Forty-one years later, although we face a different virus, the potential for vast destruction is just as great, and the challenges of funding, personnel and supply are still with us, along with last-mile distribution. Today, while 30% of the U.S. population is fully vaccinated, with numbers rising every day, there is an overwhelming gap between wealthy countries and the rest of the world. It's becoming evident that the impact on the countries getting left behind will eventually boomerang back to affect us all.

Photo by ismail mohamed - SoviLe on Unsplash

The international nonprofit CARE recently released a policy paper that lays out the case for U.S. investment in a worldwide vaccination campaign. Founded 75 years ago, CARE works in over 100 countries and reaches more than 90 million people around the world through multiple humanitarian aid programs. Of note is the organization's worldwide reputation for its unshakeable commitment to the dignity of people; they're known for working hand-in-hand with communities and hold themselves to a high standard of accountability.

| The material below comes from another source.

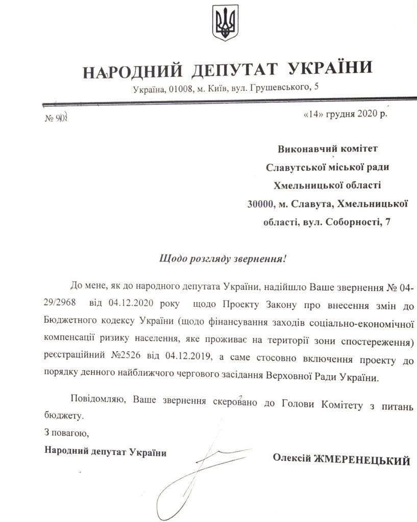 з проханням ініціювати включення до порядку денного найближчого чергового засідання Верховної Ради України та проголосувати за прийняття законопроєкту № 2526 від 04.12.2019 р. «Про внесення змін до Бюджетного кодексу України (щодо фінансування заходів соціально-економічної компенсації ризику населення, яке проживає на території зони спостереження)», відповідно до якого збір на соціально-економічну компенсацію ризиків населення, що проживає в зоні спостереження, запропоновано повернути до спеціального фонду Державного бюджету.

"As we enter into our second year of living with COVID-19, it has become painfully clear that the safety of any person depends on the global community's ability to protect every person," says Michelle Nunn, CARE USA's president and CEO. "While wealthy nations have begun inoculating their populations, new devastatingly lethal variants of the virus continue to emerge in countries like India, South Africa and Brazil. If vaccinations don't effectively reach lower-income countries now, the long-term impact of COVID-19 will be catastrophic."